Veronica van Heyningen is a Section Head at the Medical Research Council's Human Genetics Unit ”“ part of the Institute of Genetics and Molecular Medicine in Edinburgh.  She maintains a wide interest in genetic mechanisms and broad aspects of biology that can be gleaned from the study of human genetic disease.  For the past two decades she has studied the underlying genes implicated in human developmental eye anomalies.  The identification of three major developmental regulator genes: PAX6, SOX2 and OTX2, all implicated in brain as well as eye development, have led to extensive mutational studies in humans and dissection of gene function in model organisms.  Detailed patient analysis led to early observations of how chromosomal breakpoints some way outside certain genes can lead to altered expression of those genes, and to the study of distant DNA elements regulating gene expression.  Observing the variability and occasional absence of phenotype in cases with known pathological mutations, led us to study mechanisms of phenotype modulation and gene-environment interactions.  Comparisons between different model organisms, including humans, also revealed some of the mechanisms of evolutionary change.  More than 200 publications along the way have led to funding awards, invitations to participate in interesting meetings and some honours.  Veronica van Heyningen was a Beit Memorial fellow immediately after finishing her PhD on early human gene mapping in Oxford under the guidance of Walter Bodmer.  From 1993, she was a Howard Hughes International Research Scholar for five years, allowing her to build up her group.  Since 1995 she has been an Honorary Professor at the University of Edinburgh.  She was elected a Fellow of the Royal Society of Edinburgh in 1997, a member of EMBO in 2002 and a Fellow of the Royal Society in 2007.  She participated in the Human Genetics Commission, which provides advice to the UK government on social and ethical issues in genetics.  She is a past President of the European Society of human Genetics and current President of the Genetics Society.  She continues to enjoy the fast moving science of human molecular genetics and the mentoring of young scientists entering the field, and has acquired a renewed interest in human development through her grandchildren.

New insights into the mechanisms of human disease.

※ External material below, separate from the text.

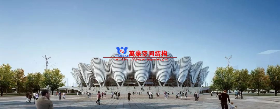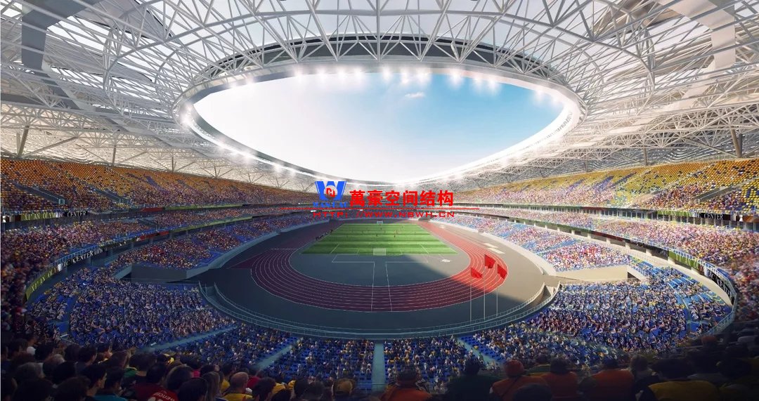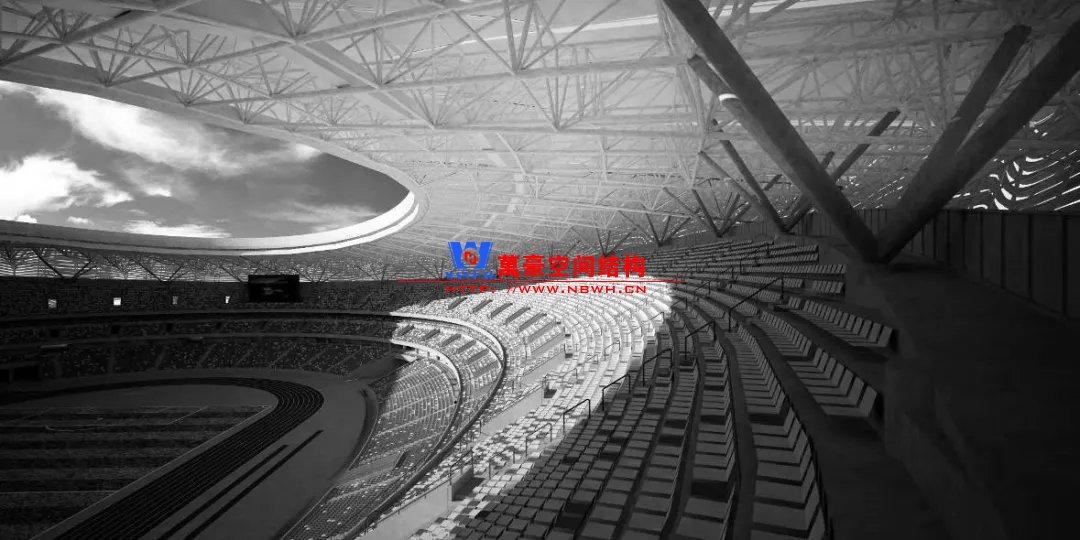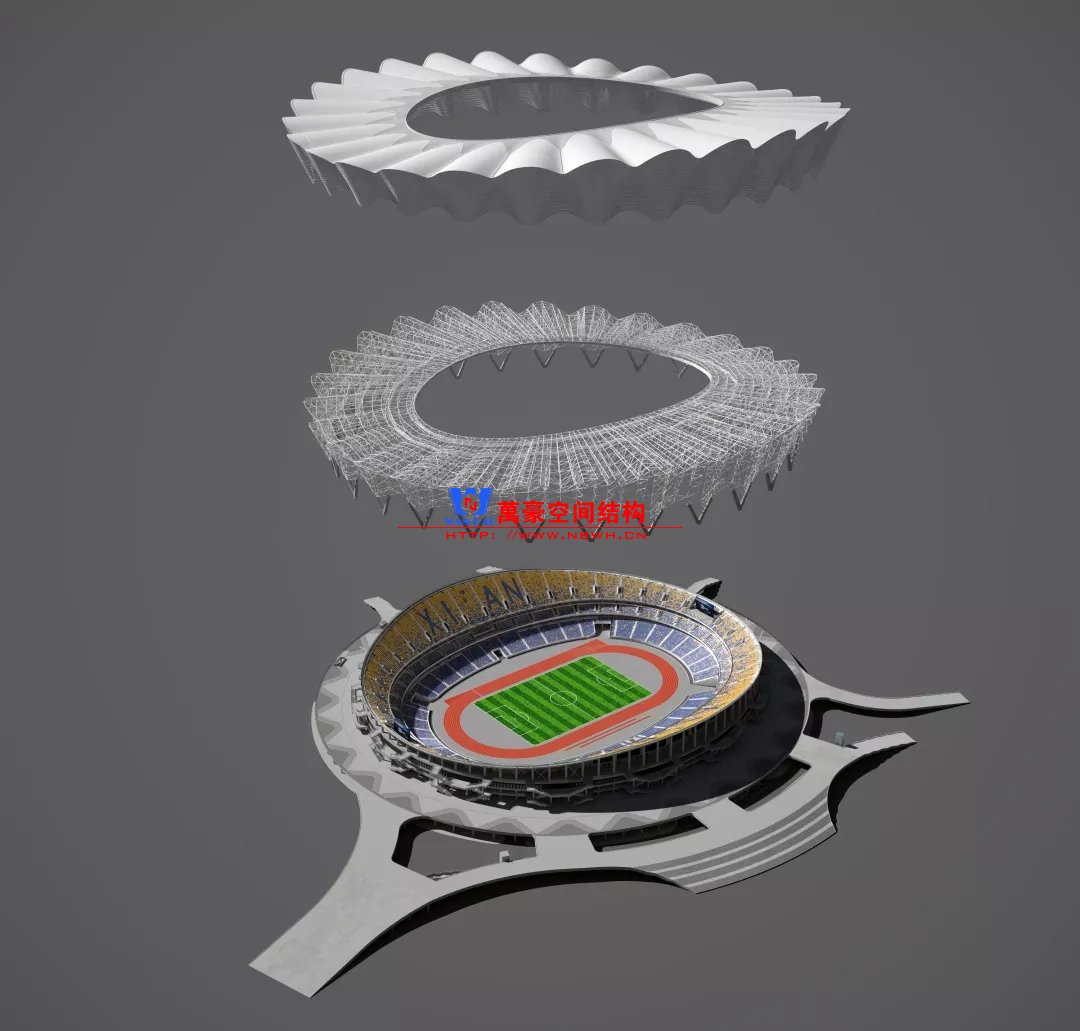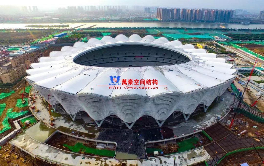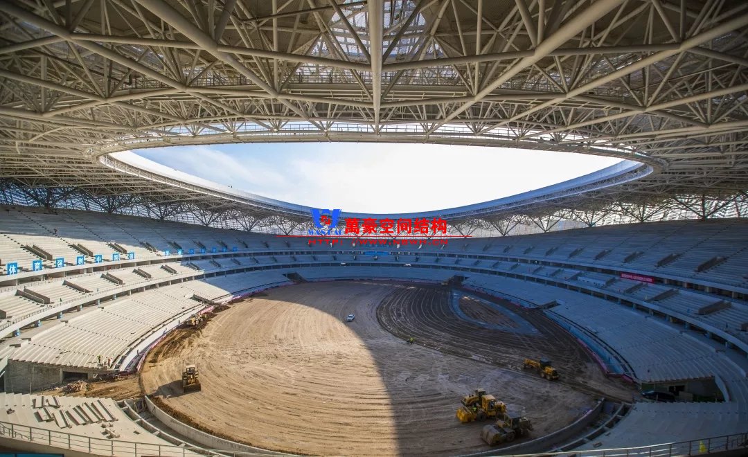 體育場主體建筑為南北長332m、東西寬316m的橢圓形,鋼結構罩棚最高處高58.3m,最低處高42.6m;中間開口南北長200m、東西寬153m。主體鋼結構采用空間懸挑鋼桁架結構,由28個V形柱支撐72片鋼結構管桁架,整體東西高,南北低,呈馬鞍形,體育場看臺為框架-剪力墻體系。屋頂圍護結構為鋁鎂錳直立鎖邊金屬屋面,罩棚立面采用銀白色穿孔鋁板幕墻系統,通過有韻律的變化,表達了絲綢飄舞的動感,輕盈通透的罩棚在夜晚能夠透出賽場內熱烈的賽事氣氛,宛如皓月長空下綻放的盛世之花。碗型看臺分為上、中、下三層座席,并在中上層看臺之間設置包廂層(包括66個大小包廂)及其座席區,觀眾分別由各層看臺對應的通道進入。

Recent advances in genomic technologies are opening up new vistas in our approaches to understanding not only  Mendelian single-gene anomalies,  but also more common later onset diseases. The growing capacity to dissect genomic information on a large scale is revealing new mechanisms for perturbing “normal” function at every stage of life. Relatively conventional genomic analysis has uncovered unexpected features of genomic organisation including the presence of large tracts of low copy number repeats which may be associated with dynamic copy- number variation, some associated with disease. Such variation can  now  be routinely identified using genomic arrays. Genome analysis has also uncovered the presence of several types of non-coding RNAs whose function is now being deciphered and, in some cases being associated with abnormalities. Evolutionary sequence comparisons have revealed the prevalence of highly conserved  non- coding regions of DNA and in many instances regulatory function has been assigned to these. The ability to study single nucleotide polymorphisms on a large scale in large disease cohorts and normal controls is fueling the era of genome-wide association studies, where disease-predisposing genes are uncovered and provide growing understanding of normal biology as well as deviations from the norm. About half the common disease-associated variants lie within the regulatory regions of the genome, making functional identification and validation a new and exciting challenge. Galloping increases in sequencing capacity are opening the door to whole-genome sequencing of many individuals. The capacity for generating vast quantities of sequence data is producing a strong demand for the development of novel bioinformatic approaches to data analysis. The possibility of sequencing  many esoteric model organisms provides exciting insight and new tools for biology and promise for the development of therapeutic approaches.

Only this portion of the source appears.